__TASK PROMPT__: Transcribed word for word, the lines below from the one with "En mælke hvid" through the last line of the records form the answer; no picture is to be included.
[EXERCISE MATERIALS — start]
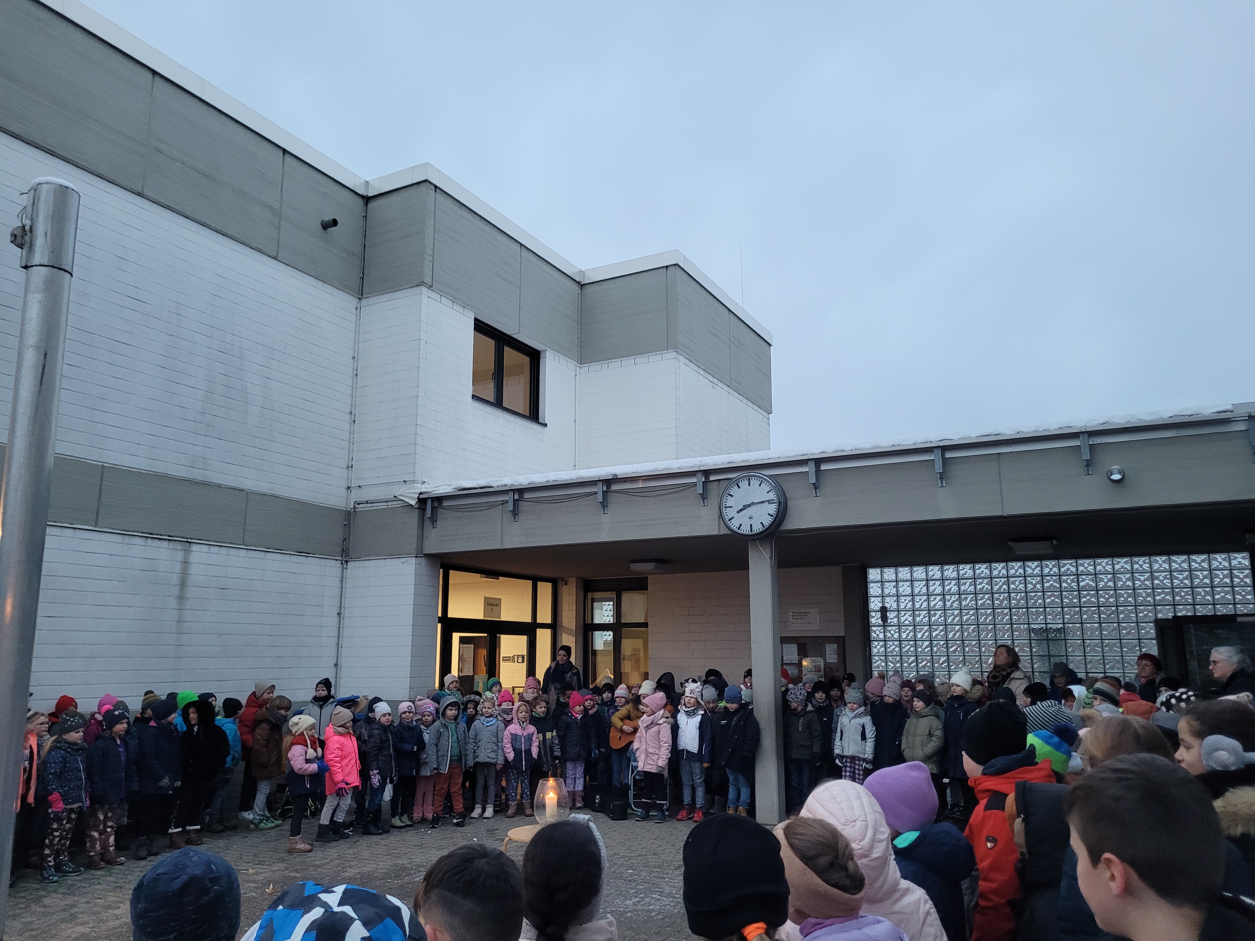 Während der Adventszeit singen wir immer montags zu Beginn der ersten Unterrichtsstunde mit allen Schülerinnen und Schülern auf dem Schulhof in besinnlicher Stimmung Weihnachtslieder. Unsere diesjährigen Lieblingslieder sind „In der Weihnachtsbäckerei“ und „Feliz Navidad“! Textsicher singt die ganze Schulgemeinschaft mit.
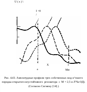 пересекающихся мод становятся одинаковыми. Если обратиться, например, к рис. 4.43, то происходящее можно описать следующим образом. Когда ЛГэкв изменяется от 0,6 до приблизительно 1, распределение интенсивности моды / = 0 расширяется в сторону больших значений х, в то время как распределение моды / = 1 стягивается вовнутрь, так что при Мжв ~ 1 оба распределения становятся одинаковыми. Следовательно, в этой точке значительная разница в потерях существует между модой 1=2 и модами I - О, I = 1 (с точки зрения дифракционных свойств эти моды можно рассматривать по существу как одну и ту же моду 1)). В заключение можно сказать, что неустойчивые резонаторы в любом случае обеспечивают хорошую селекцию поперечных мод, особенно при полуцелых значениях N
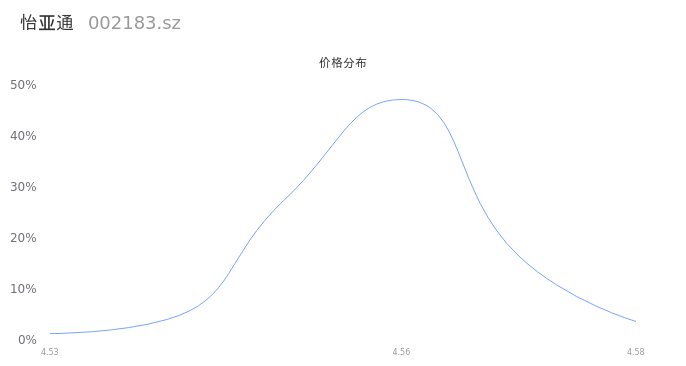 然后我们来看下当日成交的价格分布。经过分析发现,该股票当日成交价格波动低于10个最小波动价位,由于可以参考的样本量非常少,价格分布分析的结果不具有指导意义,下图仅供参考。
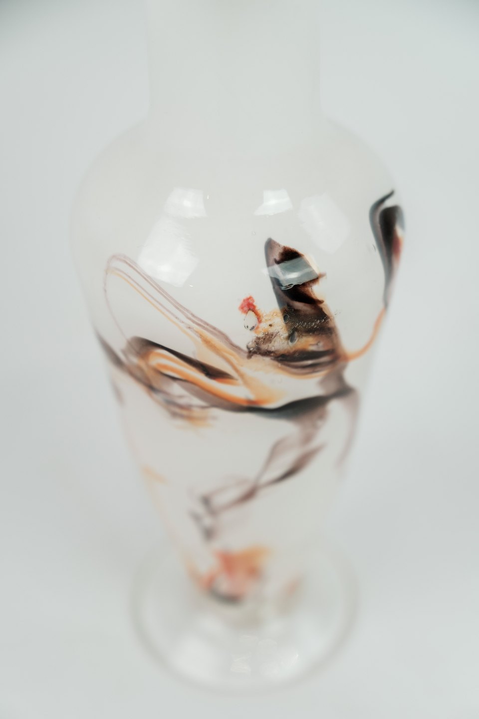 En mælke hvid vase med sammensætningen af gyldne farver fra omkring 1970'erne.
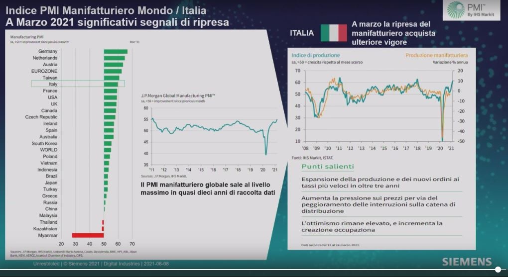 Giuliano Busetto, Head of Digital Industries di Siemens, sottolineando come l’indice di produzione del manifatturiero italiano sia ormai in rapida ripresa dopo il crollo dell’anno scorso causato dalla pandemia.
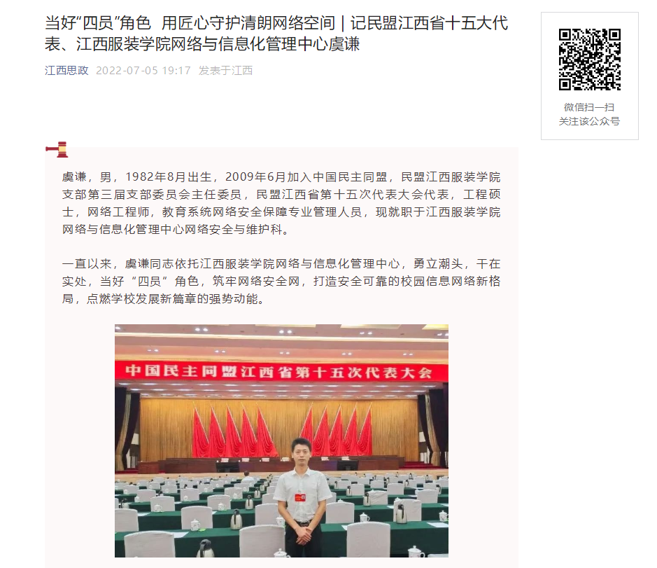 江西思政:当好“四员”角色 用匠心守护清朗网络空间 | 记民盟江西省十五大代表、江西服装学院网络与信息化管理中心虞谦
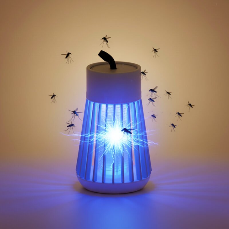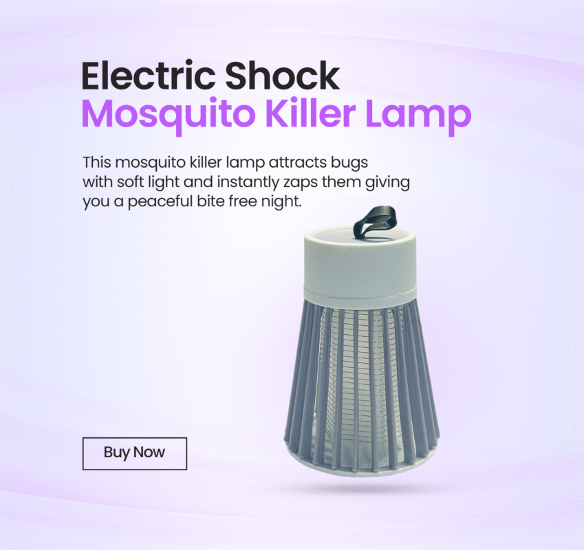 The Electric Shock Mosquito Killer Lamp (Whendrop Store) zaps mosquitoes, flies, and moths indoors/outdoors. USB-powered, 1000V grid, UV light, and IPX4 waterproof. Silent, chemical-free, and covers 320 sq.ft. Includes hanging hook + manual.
[EXERCISE MATERIALS — finish]
__TASK RESPONSE__:
 En mælke hvid vase med sammensætningen af gyldne farver fra omkring 1970'erne.
 Giuliano Busetto, Head of Digital Industries di Siemens, sottolineando come l’indice di produzione del manifatturiero italiano sia ormai in rapida ripresa dopo il crollo dell’anno scorso causato dalla pandemia.
 江西思政:当好“四员”角色 用匠心守护清朗网络空间 | 记民盟江西省十五大代表、江西服装学院网络与信息化管理中心虞谦
 The Electric Shock Mosquito Killer Lamp (Whendrop Store) zaps mosquitoes, flies, and moths indoors/outdoors. USB-powered, 1000V grid, UV light, and IPX4 waterproof. Silent, chemical-free, and covers 320 sq.ft. Includes hanging hook + manual.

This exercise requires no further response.